Kirk Cousins lingered in perennial uncertainty, but followed God’s call to a home in Minnesota
The Minnesota Vikings went 13-3 in 2017, logging their best regular season since 1998, dethroning the Green Bay Packers as NFC North champions for just the second time in almost a decade, and advancing to within one game of the Super Bowl.
A big reason for that was their quarterback, who had a career year and capped it off with a “Minneapolis Miracle.”
And yet the Vikings entered 2018 with QB atop their wish list. Their “No. 1 priority,” as general manager Rick Spielman told the media in March, was one-upping their own signal-caller.

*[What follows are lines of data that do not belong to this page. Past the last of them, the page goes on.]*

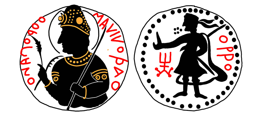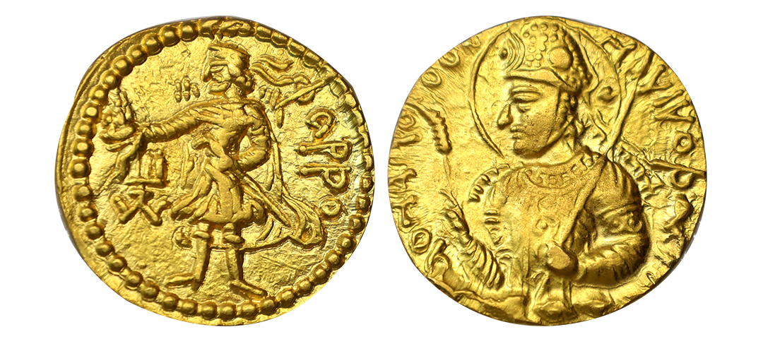 Kushans, Huvishka (151-190 AD), Pharro (Hermes-Mercury) Type, Gold Dinar, Obv. nimbate and helmeted bust of the king emerging from clouds, holding sceptre in right hand and spear over left shoulder with Greek legend'ÞAONANOÞAO O-OHÞKI KOÞANO' around, Rev. ΦAPPO, Pharro (Hermes-Mercury) standing to right, holding bowl and hilt of sword, tamgha to left field, MK #280/1, extremely fine, very rare reverse type.
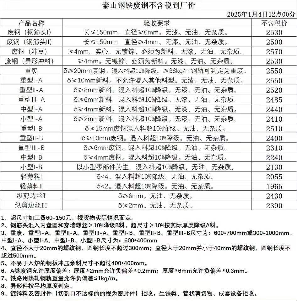 泰山钢铁自*月*日起,不含税指导价,废钢(钢筋头I)****,废钢((钢筋头II)****,废钢(冲豆)****,废钢(异形冲料)****,重废****,重型I-A****,重型II-A****,重型Ⅲ-A****,中型I-A****,小型I-A****,重型I-B****,重型II-B****,重型Ⅲ-B****,中型I-B****,小型I-B****,轻薄料I****,轻薄料Ⅱ****,纵剪边丝I****,纵剪边丝II****
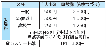 ※11月1日は、無料開放します(個人利用のみ)。貸しスケート靴は有料です。
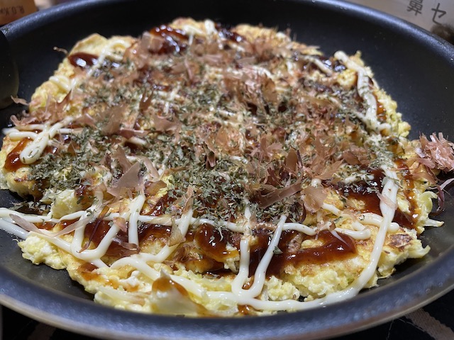 오코노미야키 소스랑 가츠오부시 갈아놓은거 있길래 다 뿌림

With the bar already set dangerously close to the ceiling, it was no surprise, then, that Minnesota pulled out all the stops when it did find its new quarterback. Fresh off the unveil of its luxurious new headquarters, the team was not content to have only Spielman and head coach Mike Zimmer introduce their fresh face of the franchise. That’s why team owner Mark Wilf was part of the public welcome party, a direct-from-the-top stamp of approval on the $84-million contract that made it all possible — the first multi-year, fully guaranteed deal for a QB in NFL history, and the richest per-year agreement among all NFL QBs at the time.
“It’s a rare and unique opportunity to go out and sign a quarterback of this caliber,” Spielman said.
That quarterback? His name is Kirk Cousins.
How you know Cousins is another question. Is he the former fourth-round draft pick who rightfully usurped Robert Griffin III as Washington’s franchise QB, posting a better passer rating than everyone except Tom Brady, Drew Brees and Matt Ryan since 2015? Is he just OK when he’s needed most, going 4-19 against teams with winning records? Is he overpaid, a beneficiary of ballooning one-year salaries? Is he underpaid, making just $500,000 more per year than a QB in Jimmy Garoppolo who has seven career starts?
The Vikings will tell you he’s one thing: their guy. His new teammates, some of whom have seen seven different QBs start for Minnesota in the last five years, will tell you they’re glad that’s the case.
“You can see the excitement in him,” newly paid pass rusher Danielle Hunter said after a June practice.
Deep down, however, Cousins also sees this next chapter as something bigger than a better shot at a Super Bowl, the biggest contract of his life or the head-over-heels adoration from Vikings executives that ushered him to the Midwest. For him, at its core, this is all just the next step of a faith journey he holds dear.
“We believe that it’s important, as you walk through life, to hear and respond to the voice of God,” Cousins said.